Kylian Mbappé glijdt op zijn knieën over het gras, de vuisten gebald. Zijn kanonskogel heeft de stand in het Etihad Stadium zopas op 1-2 gebracht. Met zijn achttien jaar belichaamt de Europese kampioen bij de U18 en debutant in de achtste finales van de Champions League de nieuwe lichting talentvolle Franse voetballers. Een week na de demonstratie van PSG tegen FC Barcelona (4-0), verliest Monaco uiteindelijk eervol van Manchester City (5-3). Een spectaculaire en veelbelovende wedstrijd van de Monegasken volgt op een historische zege van de Parijzenaars, hoewel die vorige week een al even historische nederlaag leden (6-1).
De kaarten lijken van hand gewisseld. PSG, al te vaak slachtoffer, bewijst dat het met wervelend voetbal een vuist kan maken tegen Barça. Monaco, twee jaar geleden al voorbij Arsenal in de achtste finales (1-3-winst, 0-2-verlies) stort zich dan weer zonder twijfel in de aanval. Het zijn opvallende vaststellingen, want het Franse voetbal draagt al lang het etiket ‘defensief en pragmatisch’. Het resultaat is dat Frankrijk, vaak in balans met Rusland of Portugal voor een plaatsje bij de big five punten scoort en goede zaken doet wat de UEFA-coëfficiënt betreft.
ZALIGMAKEND
Na het laatste fluitsignaal van het EK 2016 stromen de tranen hevig over de Franse wangen, maar de Ligue 1 profiteert wel van de nieuwe en vernieuwde infrastructuur. Het post-Ibrahimovictijdperk, aangekondigd als rampzalig, blijkt veeleer zaligmakend. Na afloop van het seizoen 2015/16 telt PSG 31 punten voorsprong op het nummer twee. Voor aanvang van het nieuwe seizoen hopen ze in alle uithoeken van het land – in sommige al openlijker dan in andere – dat ze het de hoofdstedelingen moeilijk kunnen maken.
De jaren ervoor is het vooraf duidelijk wie aan het langste eind zal trekken. Op 18 juli 2012 daalt de ster Zlatan Ibrahimovic neer in Parijs.
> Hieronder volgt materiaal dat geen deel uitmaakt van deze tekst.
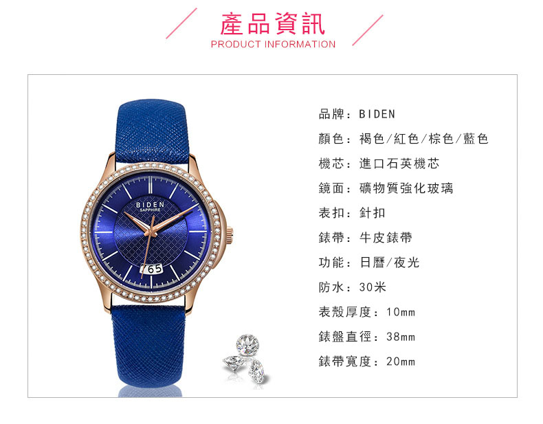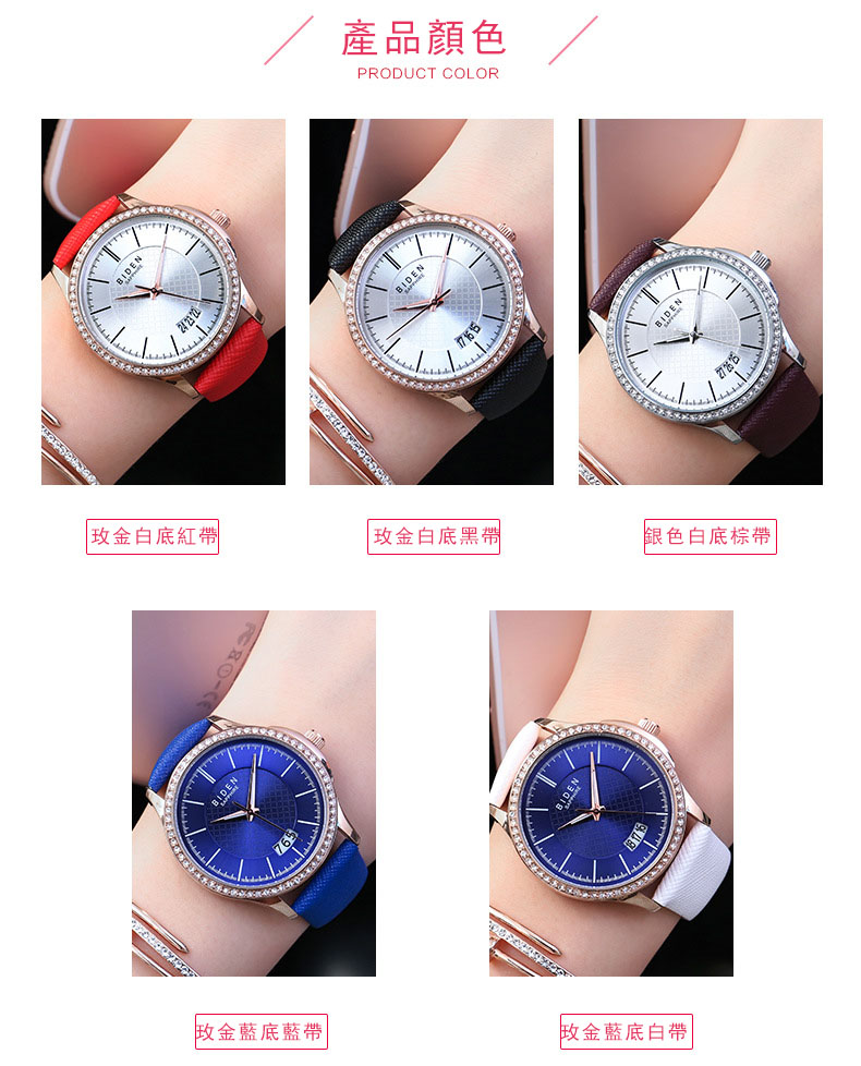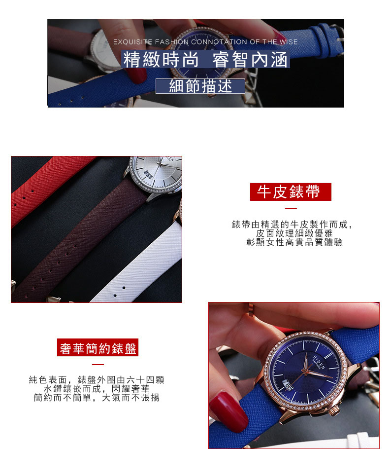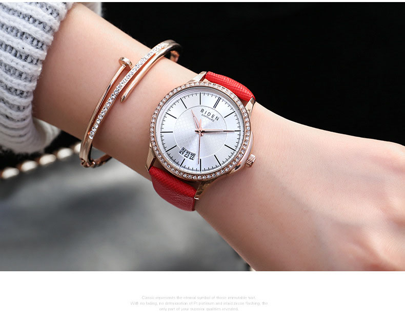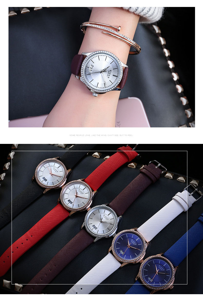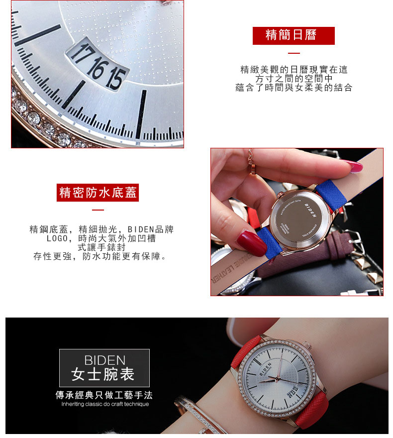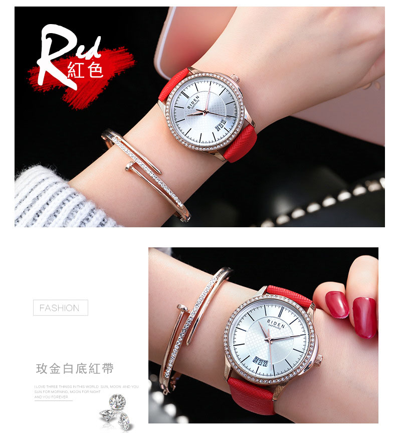 耐用大牌奢華時尚帥氣大錶盤水鑽表紅色紫色皮錶帶女士手錶Wat49
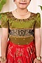 Featuring a red pleated skirt for girls in meenakumari silk base. It is paired with a green top having aari work. Accessorize it with matching hair accessories and sandals for a stylish ensemble, ideal for festive occasion, pooja or wedding ceremonies.
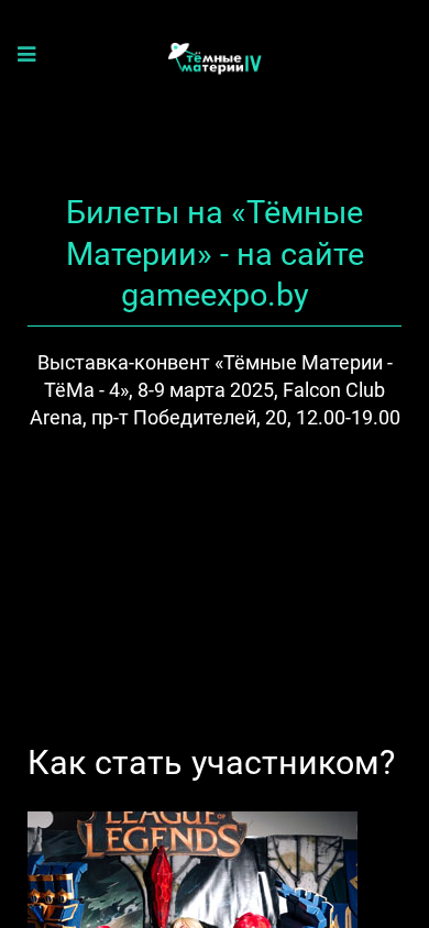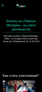 | Адрес | сайте gameexpo.by, Выставка-конвент «Тёмные Материи - ТёМа - 4», 8-9 марта 2025, Falcon Club Arena, пр-т Победителей, 20 |

PSG krijgt een nieuwe dimensie. De Qatarezen hebben met hun overname de steile opmars al ingeluid een jaar eerder en kracht bijgezet een half jaar eerder met de komst van Mister Carlo Ancelotti als trainer. De verrassende landstitel van Montpellier is niet meer dan een kleine tegenslag in een groots Parijs strijdplan.
Op dat moment staat de Ligue 1 al een tijdje niet meer in de internationale spotlights. De suprematie van Olympique Lyon, zevenmaal op rij kampioen van 2001 tot 2008, heeft de interesse voor de competitie naar een dieptepunt geleid. Daarna is het de beurt aan enkele outsiders om een stuk van de taart op te eisen. Bordeaux, Marseille, Rijsel en Montpellier mogen achtereenvolgens hun naam op de erelijst bijschrijven. Na die overgangsperiode volgt de heerschappij van PSG, dat met 12, 9, 8 en 31 punten voorsprong vier titels op rij pakt.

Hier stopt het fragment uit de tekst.